Meta/crypto

What are wash trading and money laundering in NFTs?

NFT wash trading is a problem for investors, the global community, collectors and traders because these participants use less liquid nonfungible tokens to manipulate the price of an asset.

Due diligence has become more difficult as investors have been forced to rely on measurable statistics, making wrong investment decisions. To encourage NFT investments and prevent NFT scams, discrepancies in the data must be investigated by specialists. Additionally, NFT crimes hit the NFT community the hardest. Regulators and proponents of mainstream financial services can now use wash trading to combat decentralization.

Collectors and traders, likewise, are unable to make an informed judgment. When deceptive facts and history mislead people regarding a piece of art or collectible, it is simple for them to make rash decisions. So, with the NFT markets being impacted by wash trading, is there any way to spot it in the first place?

There is no price or volume history associated with new coins when they are introduced to the market. As a result, developers or other insiders may participate in wash trading to deceive participants about the coin’s true worth. Therefore, avoid investing in those kinds of projects.
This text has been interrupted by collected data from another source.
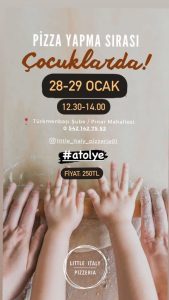 4-10 Yaş Little Italy Pizzeria'da sömestir tatilinde çocuklar pizza yapıyor. 28-29 Ocak Saat 12:30-14:00 arası
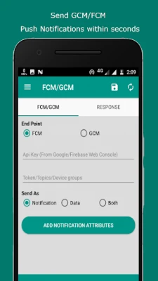 • Send Google Cloud Messaging (GCM) downstream messages i.e. Push Notifications to your registered devices with Firebase Cloud Messaging (FCM) endpoint support.
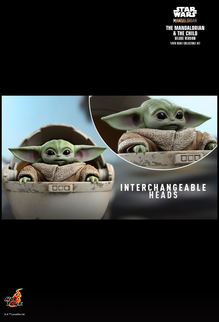 The Deluxe Version เพิ่ม The Child ที่นั่งอยู่ในเรือท้องแบน, beskar steel และ Camtono container พร้อมฟังก์ชั่น LED light-up, เอฟเฟกต์การยิงนกผิวปากที่ติดอยู่กับฝ่ามือซ้ายของ Mandalorian และโฮโลแกรมขนาดเล็ก
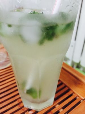 1.薄荷叶少许,洗净放入杯底,用器皿捣碎。
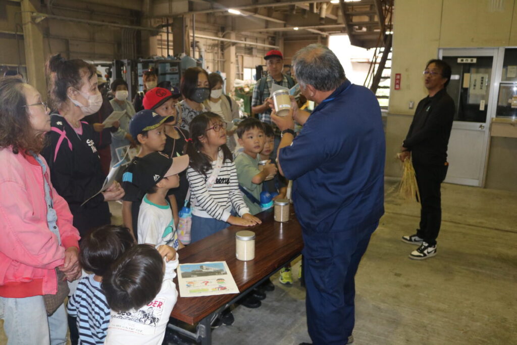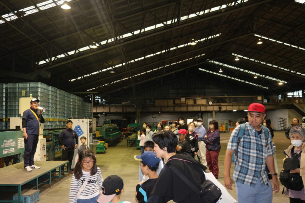 カントリーエレベーターでは、白米に精米されるまでの工程の説明を受け、選果場では、みかんの選別方法の説明を受けて、それぞれ施設を見学しました。
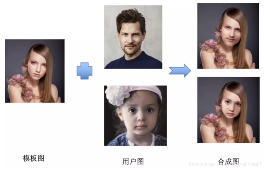 人脸融合是将用户自拍图片的人脸与模板图的人脸进行融合,融合以后,模板图的人脸呈现出用户人脸的五官特征与脸型轮廓,并保持原模板图的发饰、穿着,以此达到以假乱真的效果,实现“换脸”。 简单实现人脸融合并不困难,但是,如果想使得绝大多数的用户图片都能呈现满意的效果并不容易,有许多细节问题,其中最主要的两个问题是人脸变形与图像融合:
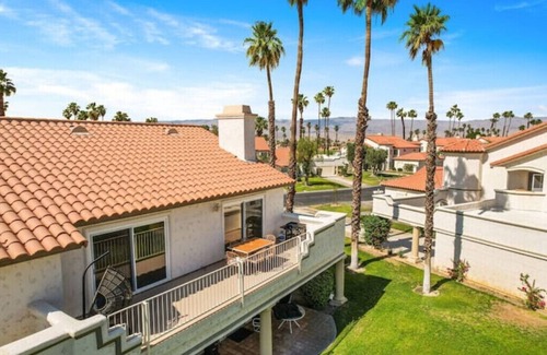 Welcome to beautiful Palm Desert. This newly updated second level 2bd 3ba (3rd room w/ Murphy bed) is located inside Desert Falls Country Club. Where you will have full access to the gym, tennis & pickleball courts, pay as you play golf course, restaurant & bar. Less than 5 min from the new Acrisure Arena, multiple casinos & The Living Desert Zoo. Brand new beds, furnishings, smart tv’s in every room, fully stocked kitchen, Wi-Fi, balcony area w/ flat griddle, egg chair, and fire pit, game room in garage with ping pong table, darts, foosball table, bball arcade, his & her bikes.
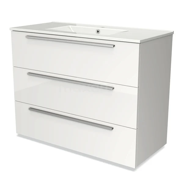 Badmöbel 100cm Modulo Hochglanz Weiß 3 Schubladen Flaches Waschbecken aus Keramik
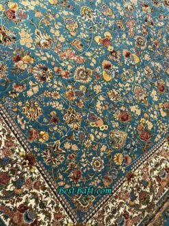 فرش مشهد ۱۲۰۰ شانه کد ۸۰۲۰۳۸ آبی فیروزه ای
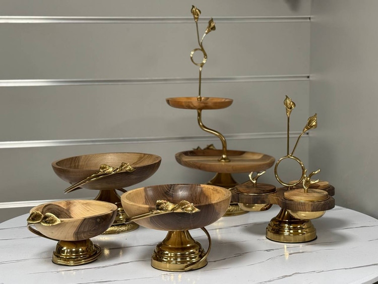 سرویس ۵ تکه لیلیوم چوبگردو ظرف شیرینی ۲ طبقه تک کارتن و کارتن مادر قیمت
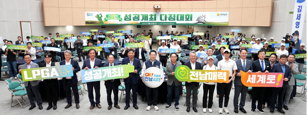 전라남도는 22일 도청에서 김영록 전남도지사, 서남권 6개 시군 음식·숙박·관광업계 대표, 함평골프고 학생, 체육관계자 등 200여 명이 참석한 가운데 LPGA BMW 레이디스 챔피언십 성공개최를 위한 다짐대회를 열었다.
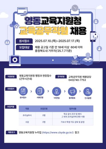 이번 모집 직종은 조리실무사, 사감 직종이며 최종 합격자는 영동교육지원청 내 공립학교에 배치되어 근무 할 예정이다. 응시자격, 채용절차 등은 영동교육지원청 누리집 알림마당 ' 채용정보에서 확인하거나 전화로 문의하면 된다.
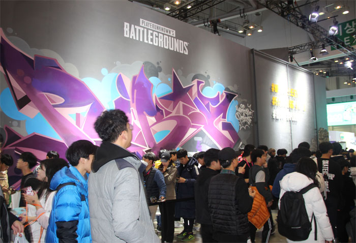 펍지 역시 순식간에 부스 대기줄이 꽉 채워졌다. = 게임조선 촬영
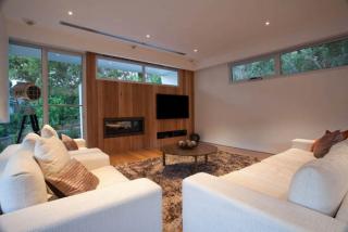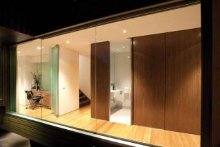 "The whole interior evolves around the timber veneer core. The doors were integrated into the veneer wall so that it appeared as a blank wall and the doors would open as a surprise element." Michael O'Sullivan, Vibe Design Group
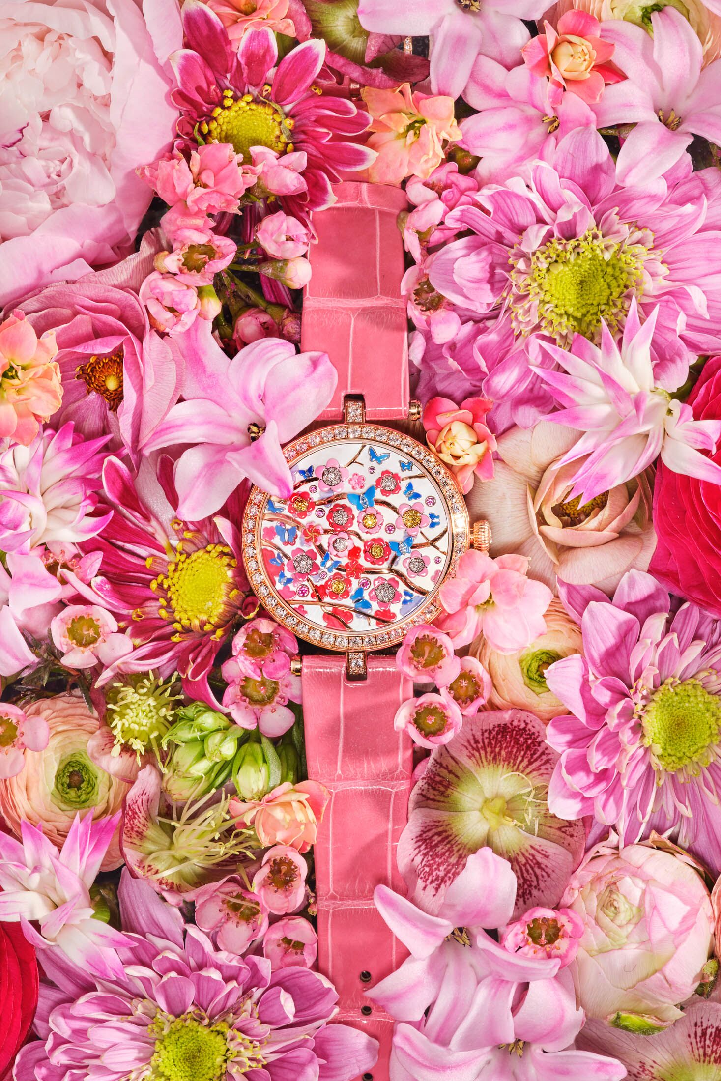 With the Lady Arpels Heures Florales Cerisier, one tells the time by counting the number of flowers that open, revealing the gemstones inside. Photographer: Hannah Whitaker for Bloomberg Businessweek
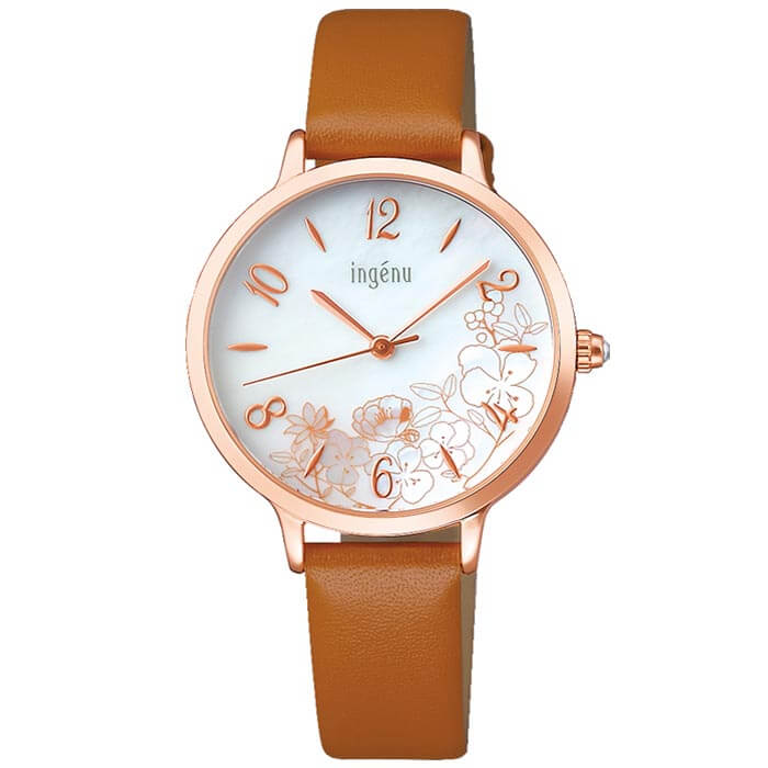 お手頃価格ながら7気圧×ステンレスケースで機能・実用性も○型番 AHJK453 ケース材質:胴部SGP(ピンクゴールド色めっき) 裏ぶた部SSサイズ約:縦36×横30mm重さ約:22gベルト幅:12mmベルト材質:牛皮革(カーフ)カラー:ブラウンムーブメントクォーツ機能風防素材:カーブ無機ガラス留め金:美錠平均月差±20秒白蝶貝ダイヤルスワロフスキー®・クリスタル入りりゅうず防水機能防水性:日常生活用強化防水(5気圧)付属品ingenu特製ギフトBOX保証書取扱説明書※説明書・保証書に関して入荷時期により仕様、内容が一部異なる場合がございます。
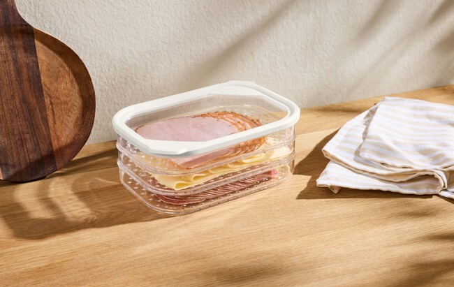 Este tipo de tuppers apilables permite almacenar quesos en lonchas para sándwiches, embutidos e incluso cortes de carne o filetes de pescado que vayamos a consumir pronto para que duren más tiempo frescos. Así podremos almacenarlos en la nevera sin problema y con la tranquilidad de que aguantarán frescos, como recién cortados, más tiempo.

Moreover, many NFTs have no trading volume or investor interest. As a result, NFT owners can readily participate in wash trading to entice naïve purchasers to buy the NFT at an exorbitant price. Therefore, avoiding newly-issued small-cap cryptos and NFTs is the most significant way to prevent wash trading.

A trader must choose more established cryptocurrencies with a higher volume to avoid becoming a victim of wash trading. The broader the market, the more money scammers will need to manipulate it. For instance, already established cryptos like Bitcoin (BTC) or Ethereum, which are worth hundreds of billions of dollars, make crimes like wash trading incredibly challenging.